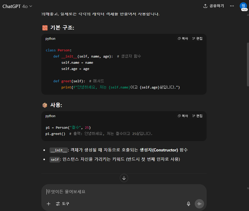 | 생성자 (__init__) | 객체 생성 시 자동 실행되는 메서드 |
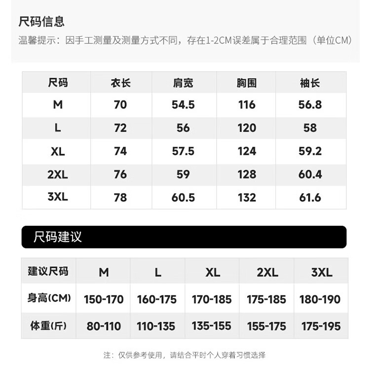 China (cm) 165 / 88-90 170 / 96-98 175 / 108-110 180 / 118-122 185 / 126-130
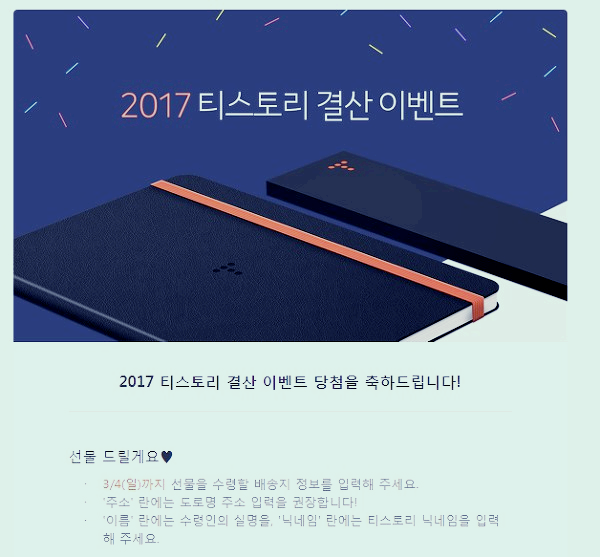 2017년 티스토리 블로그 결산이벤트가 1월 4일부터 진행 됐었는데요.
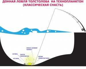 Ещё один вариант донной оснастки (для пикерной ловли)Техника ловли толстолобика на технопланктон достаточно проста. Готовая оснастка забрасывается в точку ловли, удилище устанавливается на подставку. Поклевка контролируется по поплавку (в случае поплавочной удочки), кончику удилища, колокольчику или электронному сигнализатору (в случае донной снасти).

========================================

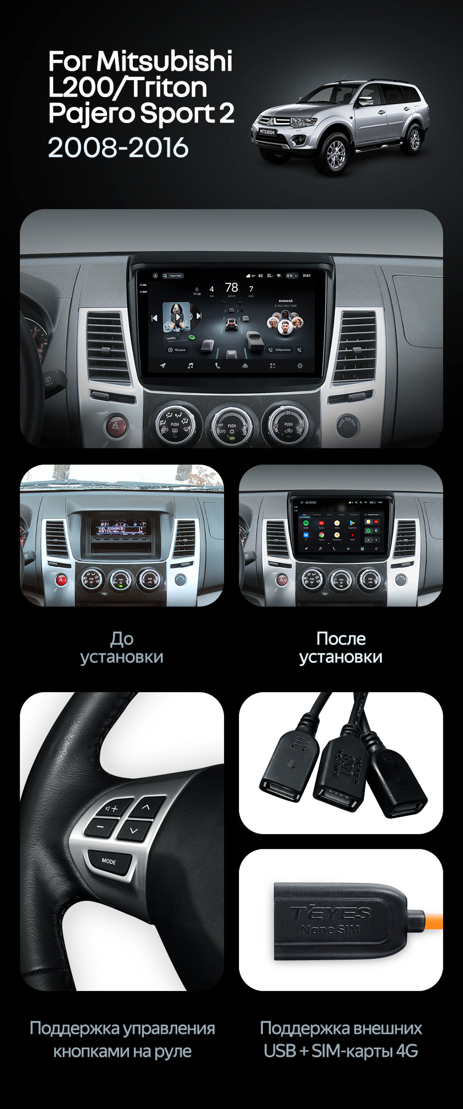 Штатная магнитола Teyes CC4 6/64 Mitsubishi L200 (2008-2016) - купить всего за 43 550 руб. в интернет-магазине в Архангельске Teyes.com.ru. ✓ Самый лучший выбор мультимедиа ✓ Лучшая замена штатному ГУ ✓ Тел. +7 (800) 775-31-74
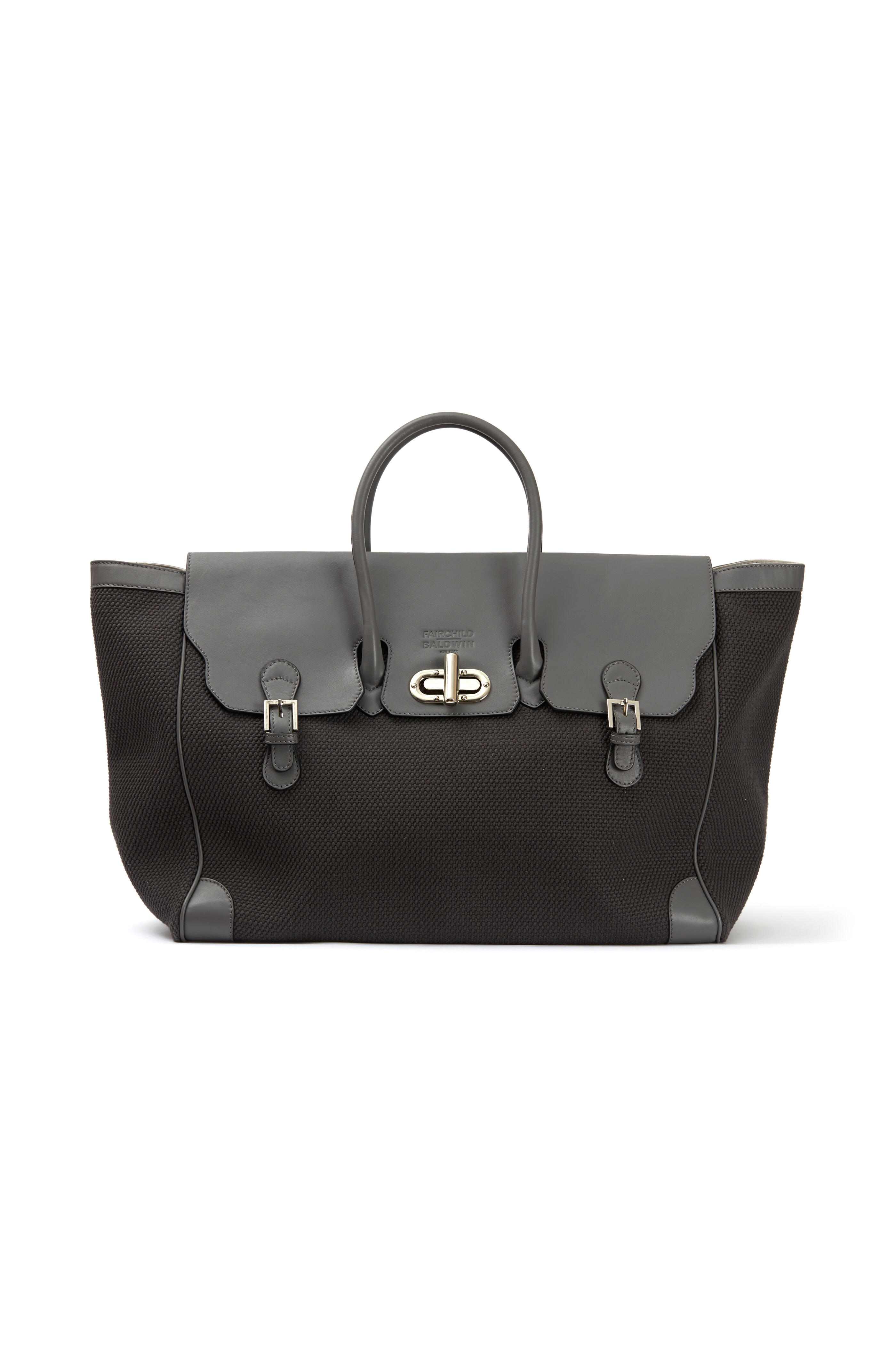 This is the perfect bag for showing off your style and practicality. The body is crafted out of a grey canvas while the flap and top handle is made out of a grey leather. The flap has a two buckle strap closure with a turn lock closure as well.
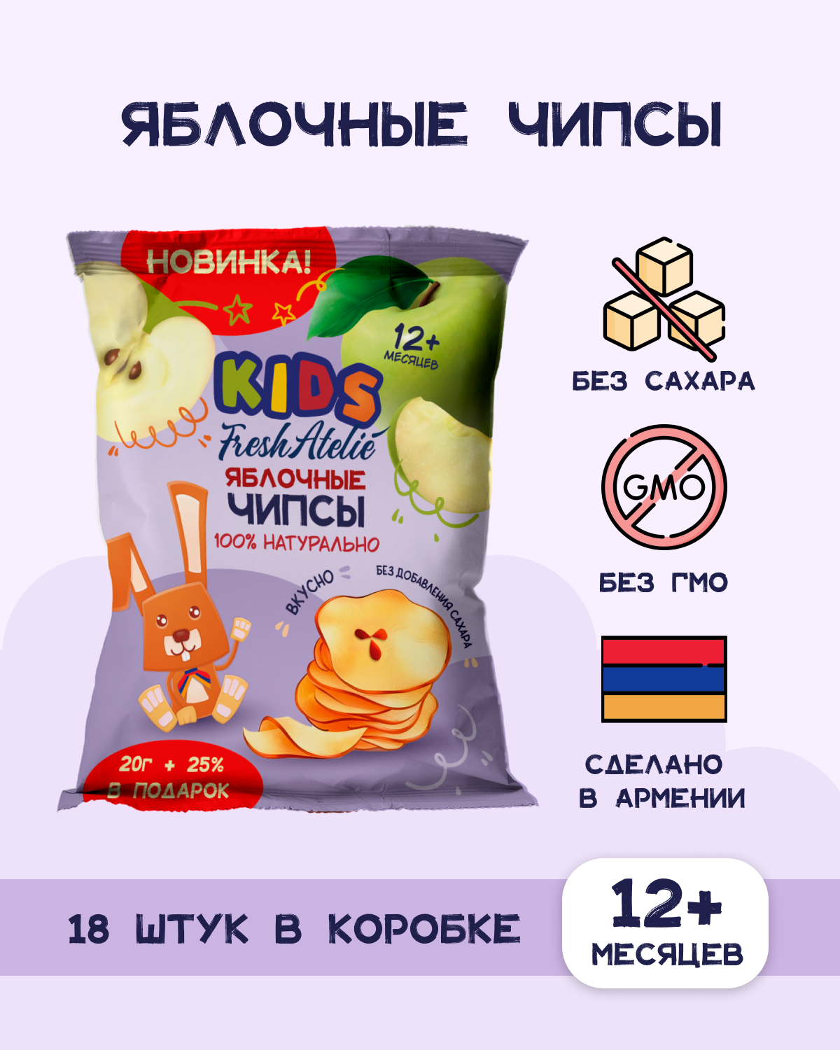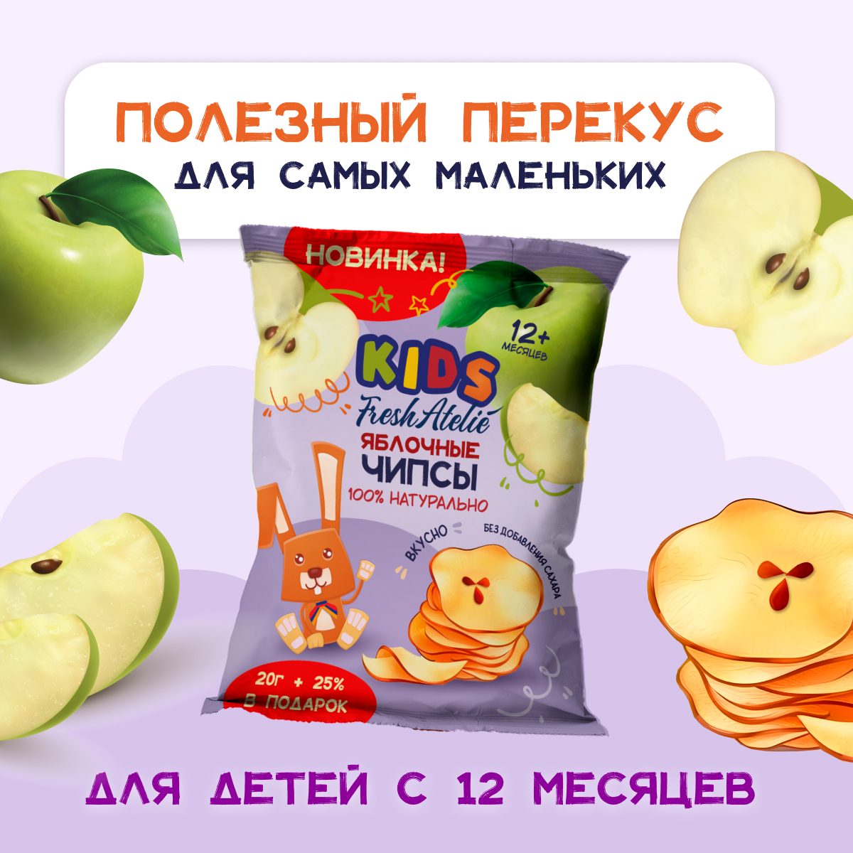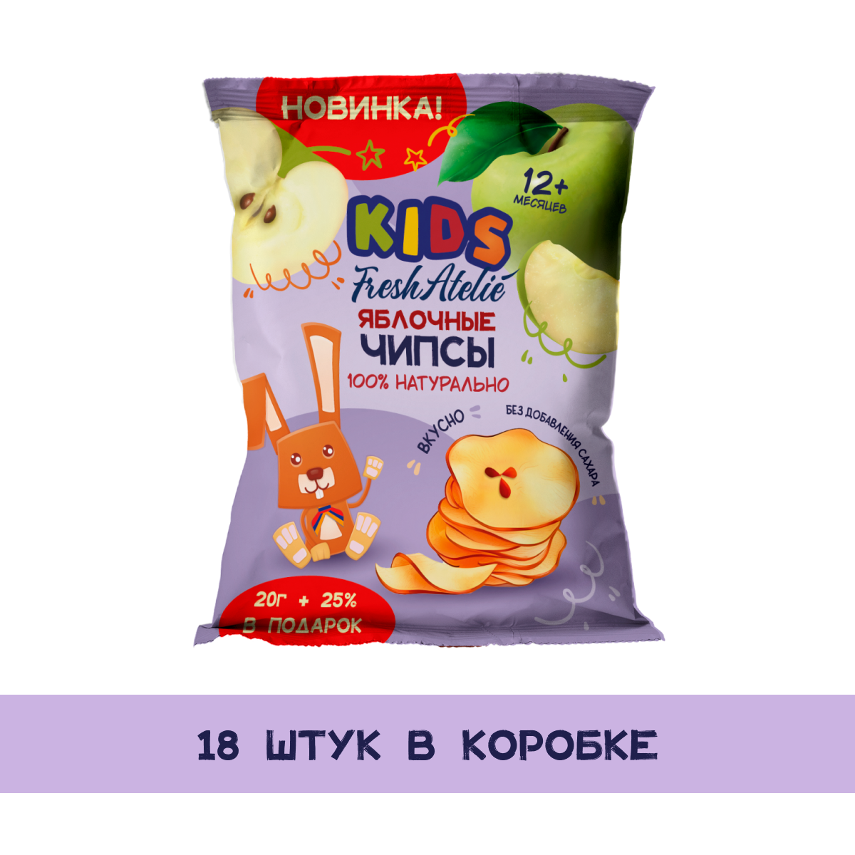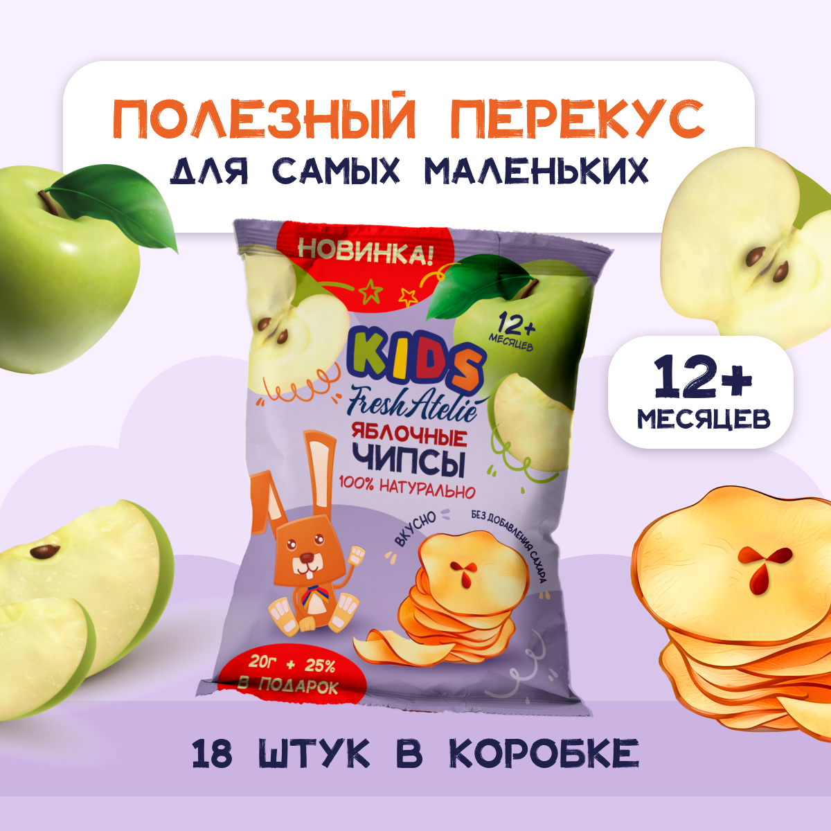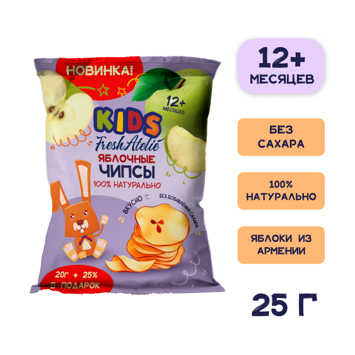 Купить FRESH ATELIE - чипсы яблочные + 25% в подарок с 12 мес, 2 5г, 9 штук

========================================

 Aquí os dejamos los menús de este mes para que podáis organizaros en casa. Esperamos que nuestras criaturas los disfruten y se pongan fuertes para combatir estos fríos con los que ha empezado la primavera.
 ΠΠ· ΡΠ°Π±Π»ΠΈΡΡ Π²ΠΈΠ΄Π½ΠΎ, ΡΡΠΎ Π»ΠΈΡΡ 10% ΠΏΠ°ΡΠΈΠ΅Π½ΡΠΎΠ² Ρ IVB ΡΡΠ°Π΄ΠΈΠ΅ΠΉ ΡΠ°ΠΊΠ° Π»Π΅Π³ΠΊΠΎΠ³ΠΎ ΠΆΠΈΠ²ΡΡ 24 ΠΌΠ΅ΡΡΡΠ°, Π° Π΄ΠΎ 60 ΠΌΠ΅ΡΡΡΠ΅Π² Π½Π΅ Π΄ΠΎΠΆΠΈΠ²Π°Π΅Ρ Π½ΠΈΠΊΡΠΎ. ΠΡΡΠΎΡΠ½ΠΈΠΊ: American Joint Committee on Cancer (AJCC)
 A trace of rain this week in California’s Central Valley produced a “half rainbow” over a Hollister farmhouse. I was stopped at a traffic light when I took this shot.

========================================

→ AIM OF THE EXERCISE
Copy exactly the part of the material above that opens with the line containing "Штатная магнитола Teyes" and closes with the line containing "Купить FRESH ATELIE", ends included. Drop the images.

→ EXERCISE SOLUTION
 Штатная магнитола Teyes CC4 6/64 Mitsubishi L200 (2008-2016) - купить всего за 43 550 руб. в интернет-магазине в Архангельске Teyes.com.ru. ✓ Самый лучший выбор мультимедиа ✓ Лучшая замена штатному ГУ ✓ Тел. +7 (800) 775-31-74
 This is the perfect bag for showing off your style and practicality. The body is crafted out of a grey canvas while the flap and top handle is made out of a grey leather. The flap has a two buckle strap closure with a turn lock closure as well.
 Купить FRESH ATELIE - чипсы яблочные + 25% в подарок с 12 мес, 2 5г, 9 штук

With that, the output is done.